What to produce:
Without including any pictures, retype exactly the lines from the top of the records through the line containing "Vientianes Version des", that final line included.

[Collection entries]

• • • •

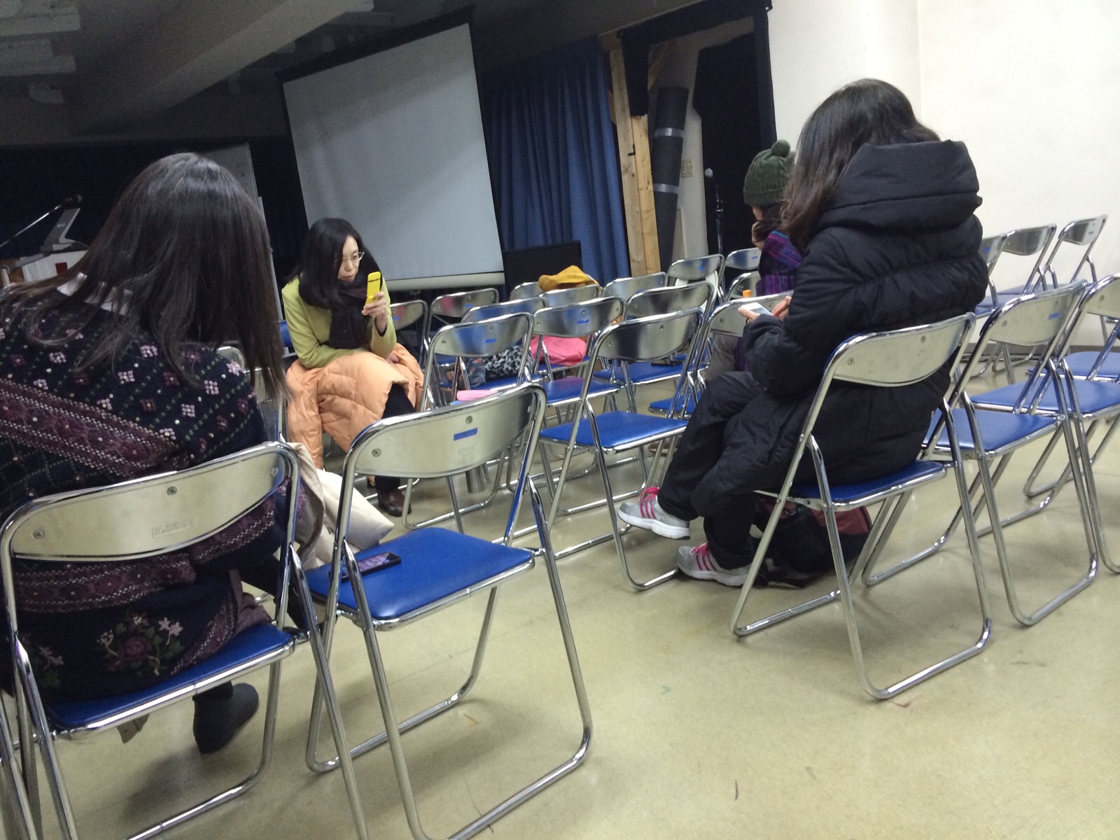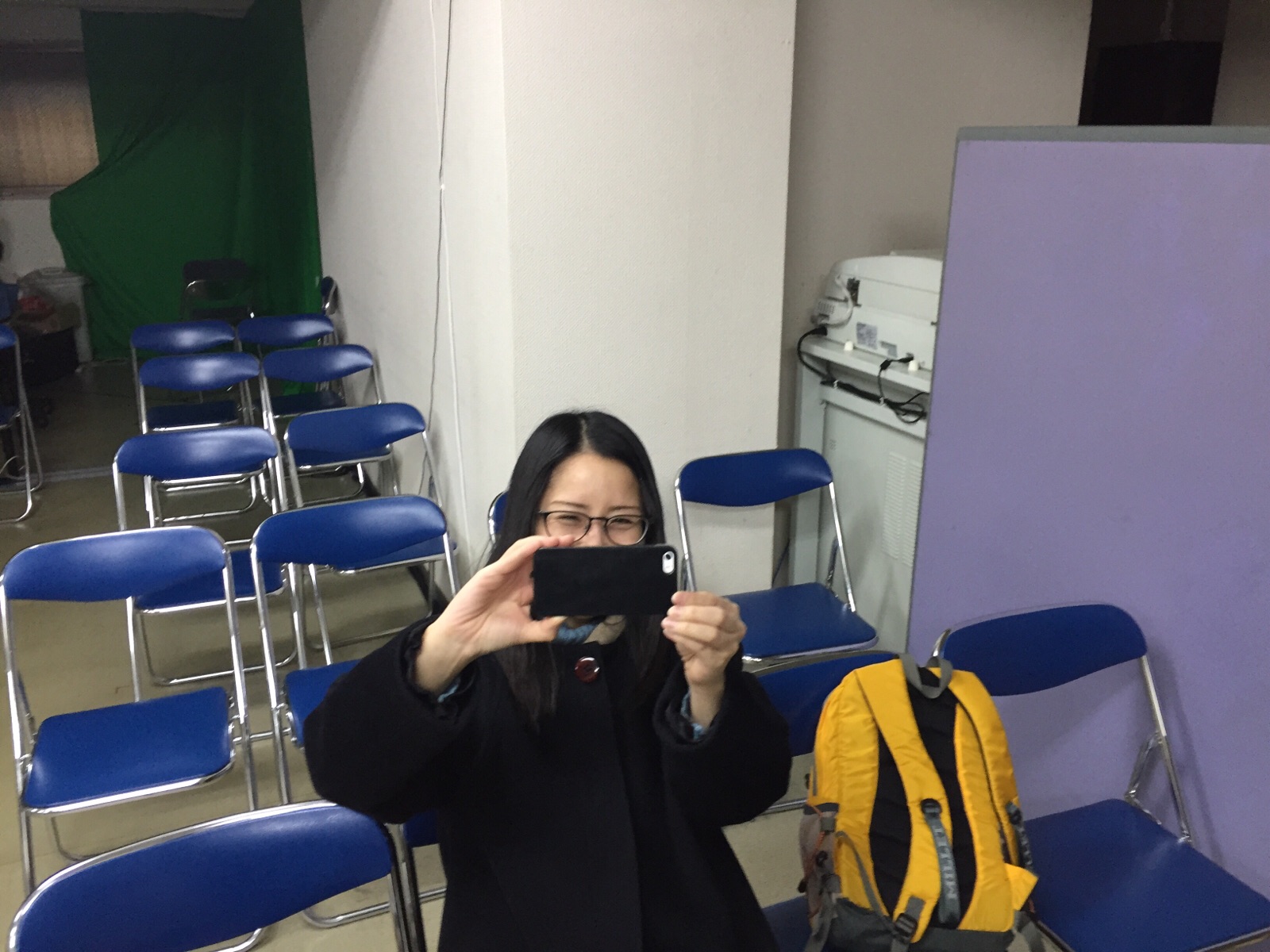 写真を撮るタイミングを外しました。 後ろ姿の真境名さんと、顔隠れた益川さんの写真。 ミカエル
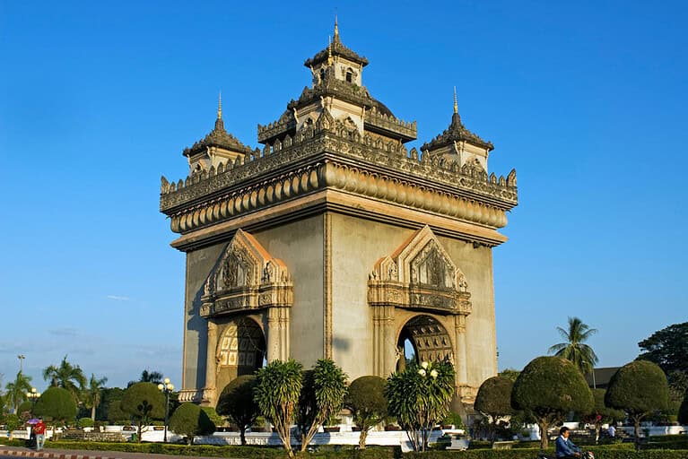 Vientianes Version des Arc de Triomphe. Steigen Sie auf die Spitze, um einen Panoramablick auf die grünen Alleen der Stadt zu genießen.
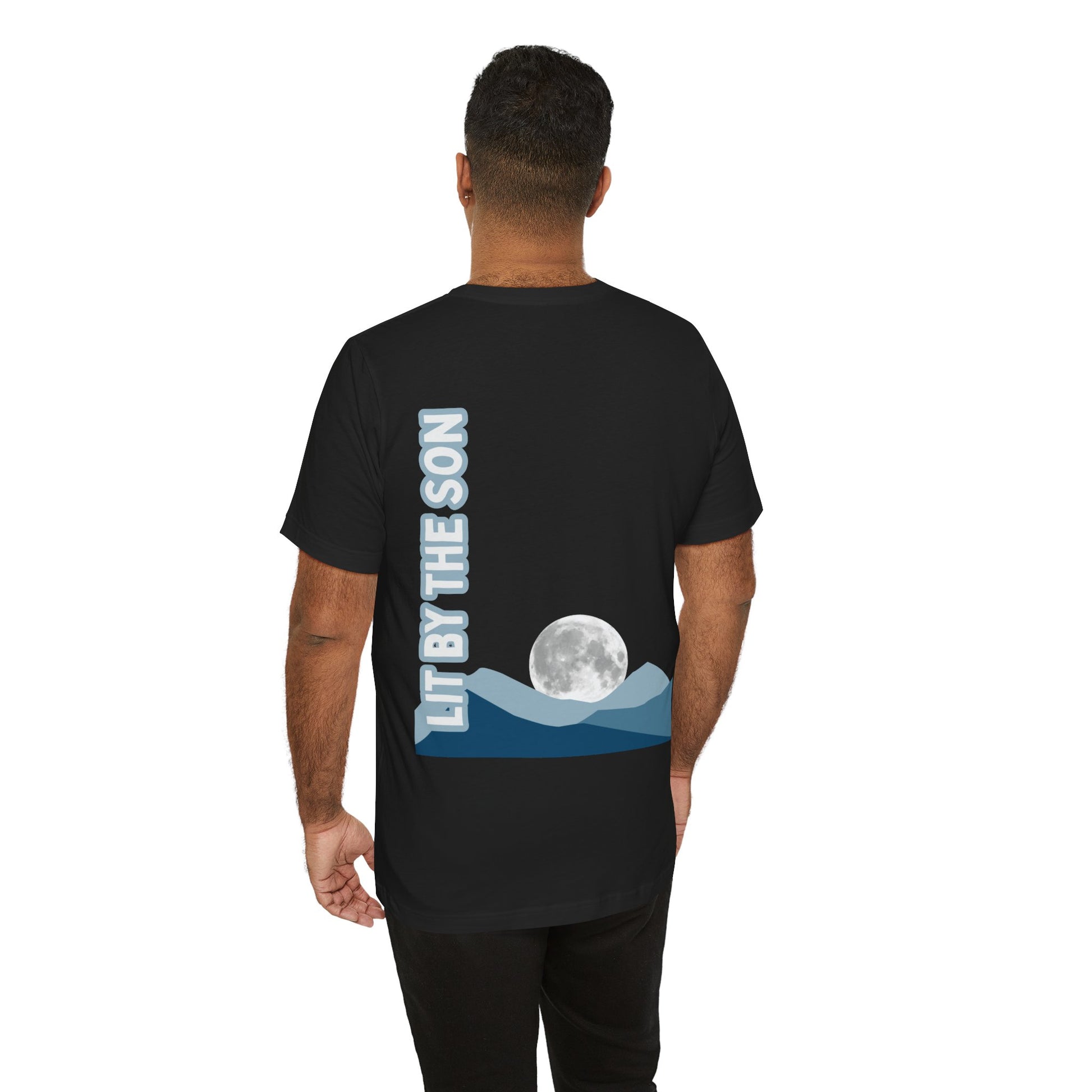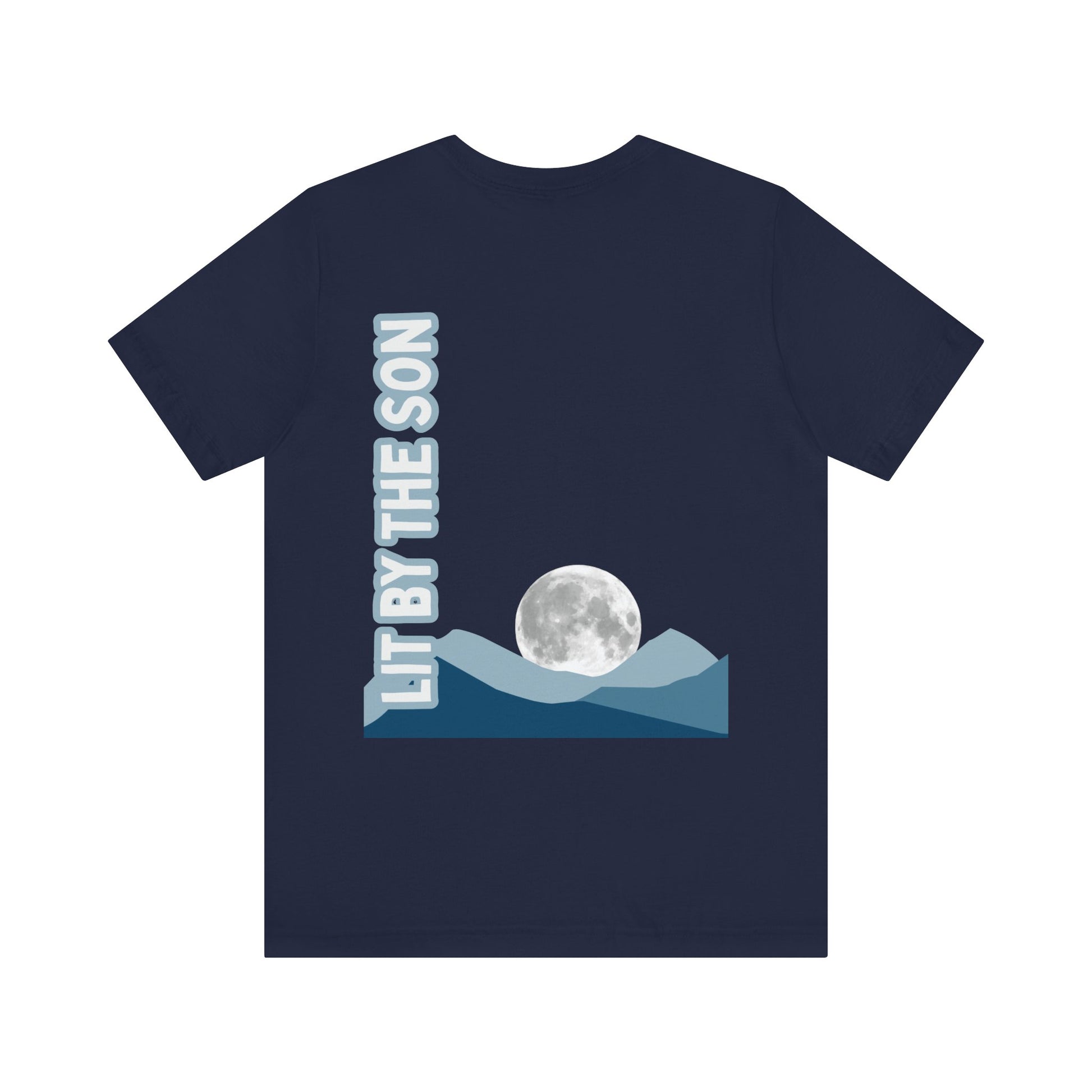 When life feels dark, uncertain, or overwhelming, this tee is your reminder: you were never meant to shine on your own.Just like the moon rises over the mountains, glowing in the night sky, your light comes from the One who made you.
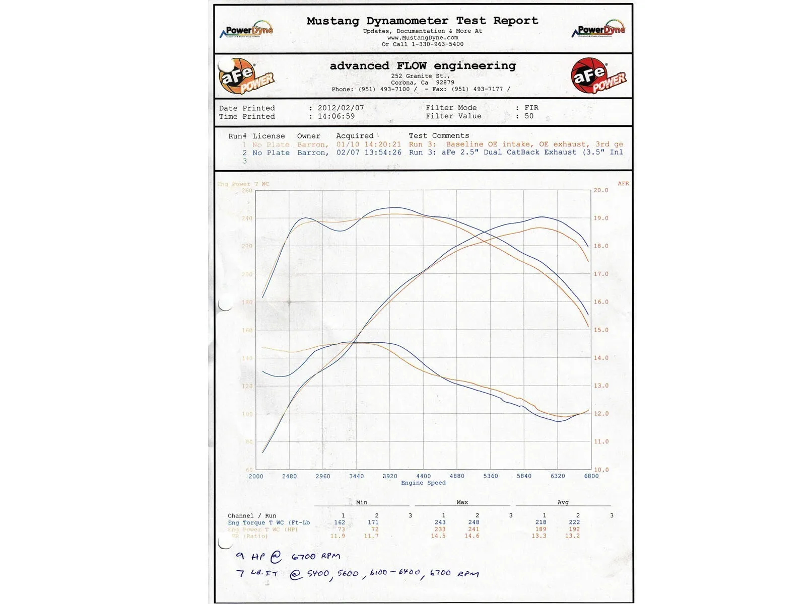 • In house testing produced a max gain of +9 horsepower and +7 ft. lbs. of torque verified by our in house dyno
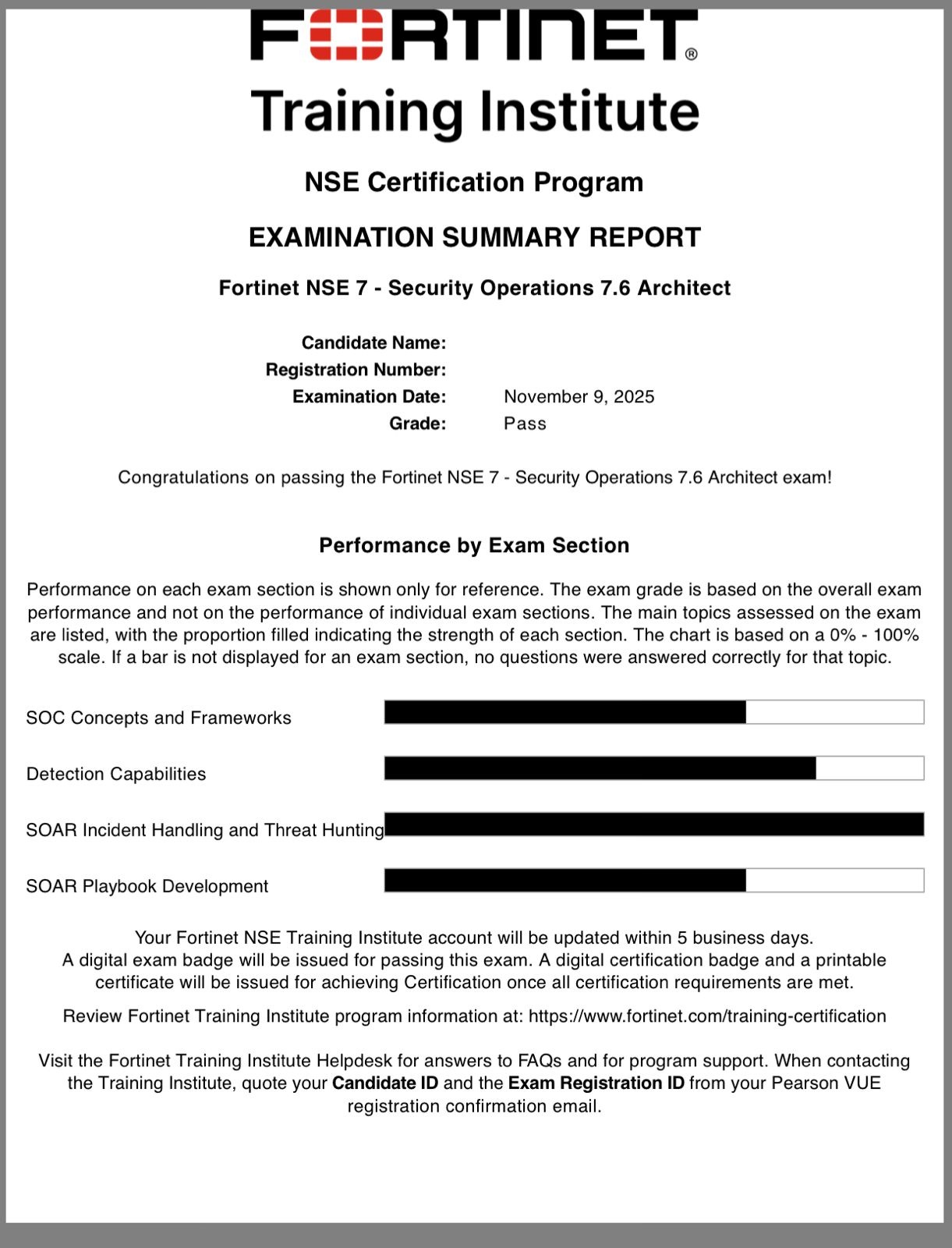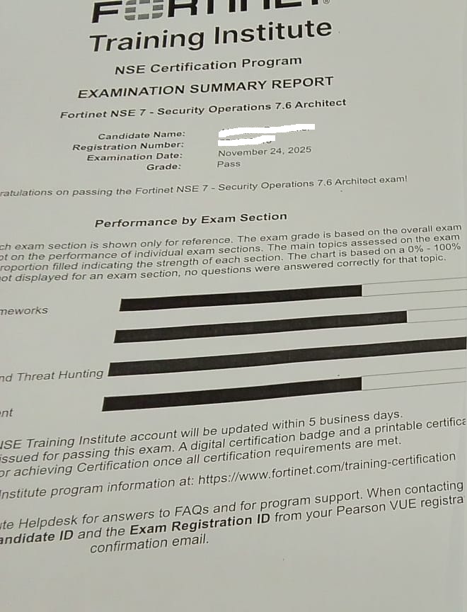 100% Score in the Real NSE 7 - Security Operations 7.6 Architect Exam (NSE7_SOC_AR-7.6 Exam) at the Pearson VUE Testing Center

• • • •

Written solution:
 写真を撮るタイミングを外しました。 後ろ姿の真境名さんと、顔隠れた益川さんの写真。 ミカエル
 Vientianes Version des Arc de Triomphe. Steigen Sie auf die Spitze, um einen Panoramablick auf die grünen Alleen der Stadt zu genießen.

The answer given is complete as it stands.